The disconnect between global environmental concerns and impacts felt at a local scale can be difficult to bridge.

Recently, the United Nations Intergovernmental Science-Policy Platform on Biodiversity and Ecosystem Services (IPBES) released a report warning of the threat of extinction facing a million species worldwide.

This report, while attributing the global risk to a wide range of human factors, identified five of the most crucial drivers of environmental change. These drivers include changes in habitat and land use, exploitation, the global climate emergency, pollution, and the introduction of invasive species.

While garnering a great deal of international media attention, this report and others like it warning of dire global consequences are plagued by their enormity. This is especially true in a country like Canada, where a large proportion of the population lives in urban areas, insulated from the already occurring effects of environmental change. The challenge which faces a call-to-action of this magnitude is in making it personal.

However, global changes are often reflected in local concerns, and these global threats have not gone unnoticed to those living along the St. Lawrence River.

The St. Lawrence River is a mesocosm for global influence driving local change.
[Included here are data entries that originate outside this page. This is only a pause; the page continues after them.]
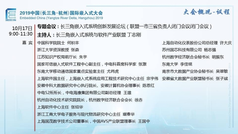 分论坛1:2019长三角嵌入式系统创新发展论坛(闭门会议) |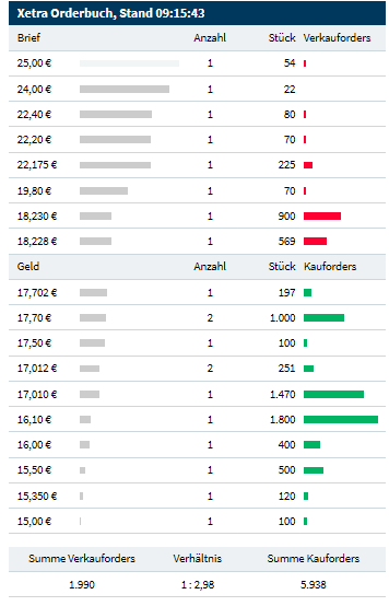In diesem Fall kommt noch hinzu, dass 900 Stück auf beiden Seiten dem Marketmaker gehören. Im Grunde steht also fast nichts auf der Verkaufsseite.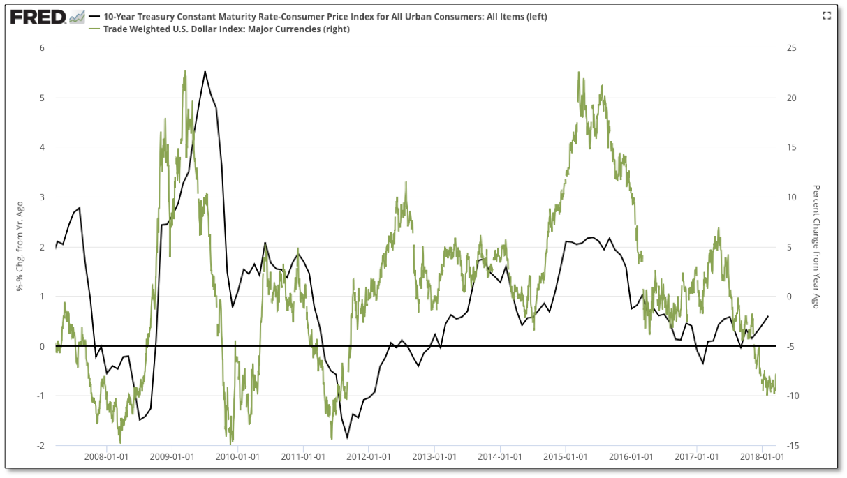 The idea that a late cycle pulse of inflation could surprise to the upside was in part derived from our expectations with the US dollar and real yields, which did in fact roll over from their respective cyclical highs.

It is a pivotal link in global economic trade, connecting North America’s commercial heartland in the Great Lakes Basin, with ports throughout the world, while also providing important freshwater habitat, stimulating the local economy through recreational activities and serving as a drinking water source for more than 2.5 million people.

Additionally, as it drains the Great Lakes, many of the environmental and ecological challenges faced by residents along the St. Lawrence are dictated by what happens upstream.

Bridging the gap between global and local issues

The River Institute, a non-profit research institute based in Cornwall, Ontario, in partnership with the Mohawk Council of Akwesasne and the Great River Network—a network of 43 community voices that support the health of the river—is in the process of developing the Great River Rapport.

The rapport moves beyond the traditional ecosystem health report card approach by providing a platform for presenting a collective community understanding of the river, through science and community dialogue. It draws inspiration from the Haudenosaunee Words Before All Else, which recognizes the interconnectedness of humans and the physical, biological, and spiritual environment to the river.

By pairing western science with Indigenous knowledge and community stories, the rapport discusses the impacts and opportunities facing the river both on a small and large scale.